* [Given information]
++++
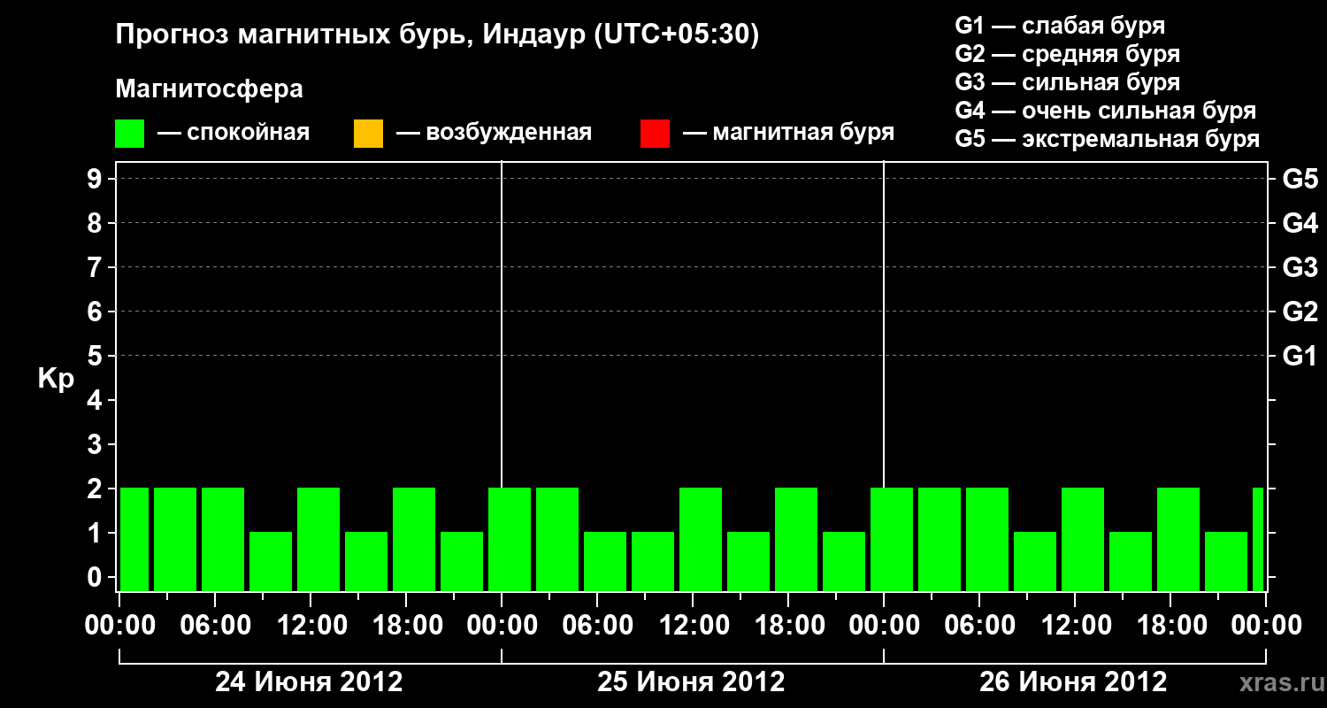 Прогноз магнитных бурь в Индауре на 24 июня 2012 года
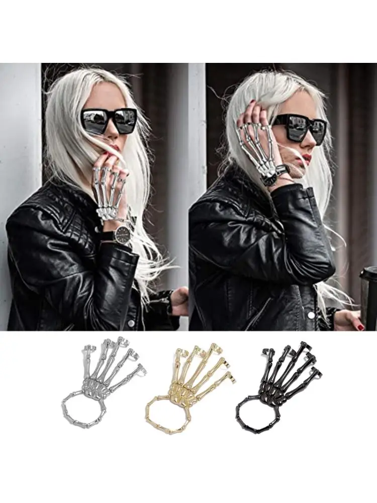 Европейские американские ювелирные изделия, искусственный череп, ручная кость, дикий Кольцо на пять пальцев, браслет, Регулируемая одна цепочка
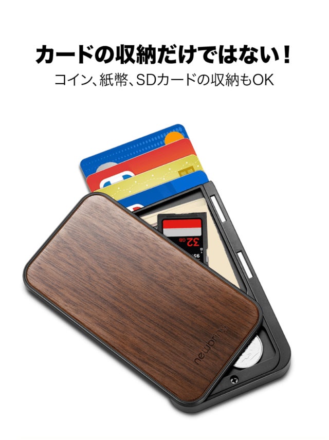 ④ カードのみならずコイン、紙幣、SDカードなど収納!
++++
* [Required work] Through to the final line, copy the material above exactly and skip the images.

* [Response]
 Прогноз магнитных бурь в Индауре на 24 июня 2012 года
 Европейские американские ювелирные изделия, искусственный череп, ручная кость, дикий Кольцо на пять пальцев, браслет, Регулируемая одна цепочка
 ④ カードのみならずコイン、紙幣、SDカードなど収納!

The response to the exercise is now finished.